Worthington’s exclusive resort, however, was built on a clientele that stayed through the season; through the Great Depression and beyond, the hotel’s revenue suffered, becoming a summer-only destination. Skimping on maintenance over all else, the hotel was sold in 1943 to radio personality Fred Waring, a Lawrence Welk/Mitch Miller bandleader type, who was determined to make the Shawnee Inn thrive. Much of the 1950s took place here, it seems: the brass elevator gate on every floor stands defunct across from the modern equivalent, its car having carried Ed Sullivan, Art Carney, Jackie Gleason, Dwight Eisenhower, Bob Hope. The opulence of the winding staircase, the majesty of the lobby’s hardwood floor, and the wide, sweeping porches that extend and face the ever-creeping Delaware: none of these could be found on the ramp that led to Wyndham’s most lavish Poconos unit.

Gil’s persistence did not extend past our meeting, but his corporation didn’t give up on me or my income stream. I found myself in early May in Atlantic City, currently Wyndham’s only other Northeast Resort besides the Poconos and at a ski resort in western Massachusetts, shuffled again with free coffee into a second extended game of information, persuasion, and refusal. Gil was not there, but many more associates were: the stakes seemed higher as the sun shone and warmed up the resort town for summer.

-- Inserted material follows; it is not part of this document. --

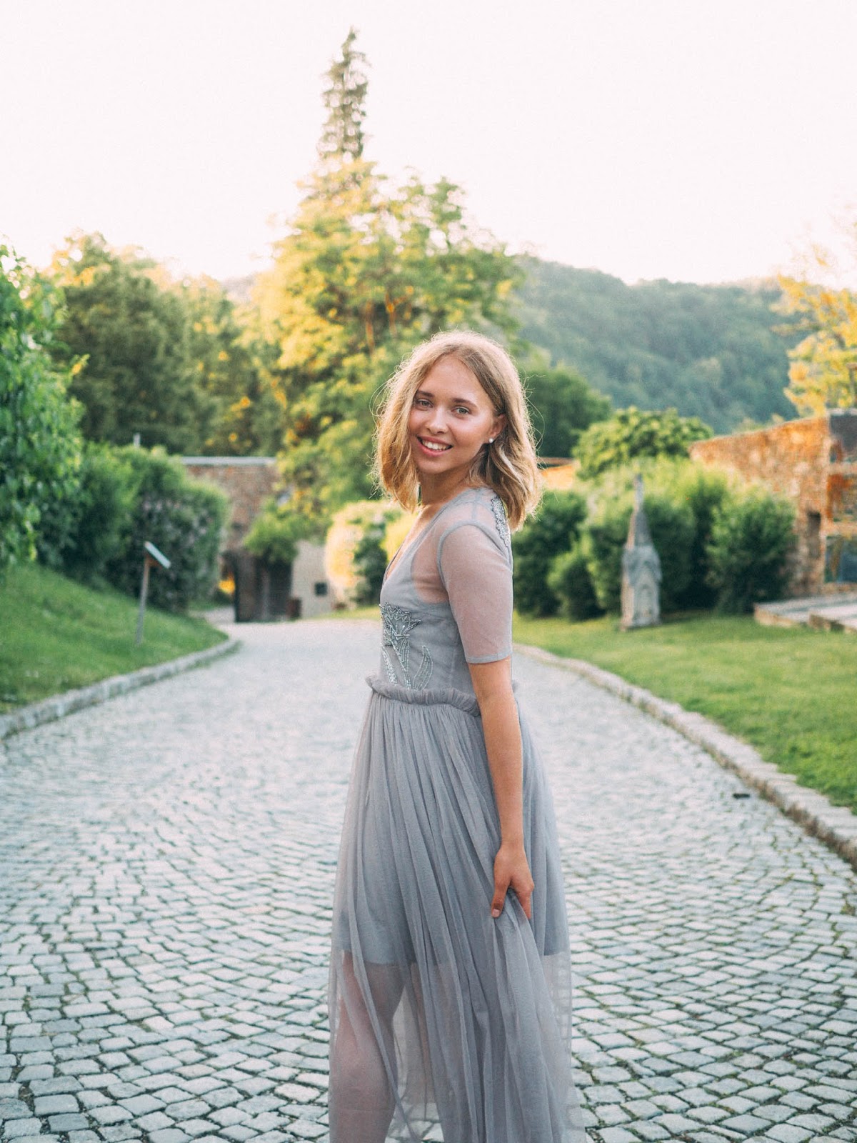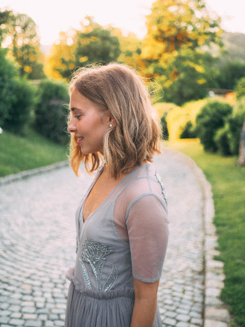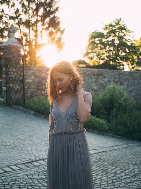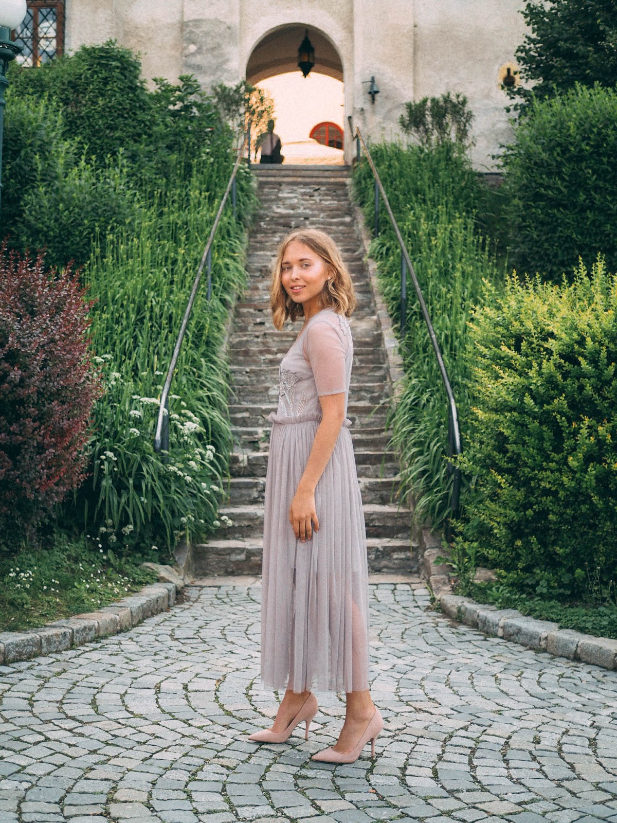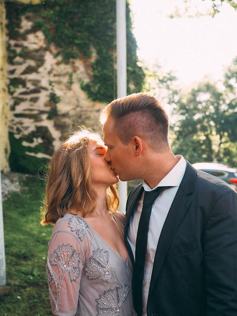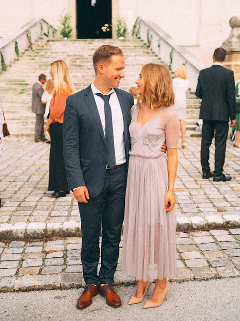 После мы все отправились в церковь неподалеку, где молодые венчались. Я впервые была на церемонии венчания в католической церкви и это было невероятно трогательно и красиво! Играла красивая музыка, отец невесты привел ее к алтарю, жених с невестой читали клятвы, обменивались кольцами, потом все вместе пели и поздравляли новобрачных, a на выходе маленькие девочки-ангелочки раскидывали лепестки роз. Позже мы все отправились в замок, где проходило уже само свадебное торжество, нас ждал праздничный ужин и много веселья 🙂

It all made more (but not enough) sense in Atlantic City: the full size coffee pot, the complete kitchen, the two bathrooms and one master bedroom, the living space, the DVD player, the balcony with a tragically low railing and view north, to the Absecon Lighthouse and beyond, to the next barrier island up. Exploring closets and cabinets, I imagined returning back to such a contrived and habitable space—to cook one’s own meals, and live out an existence as best as possible, for however long such would be available.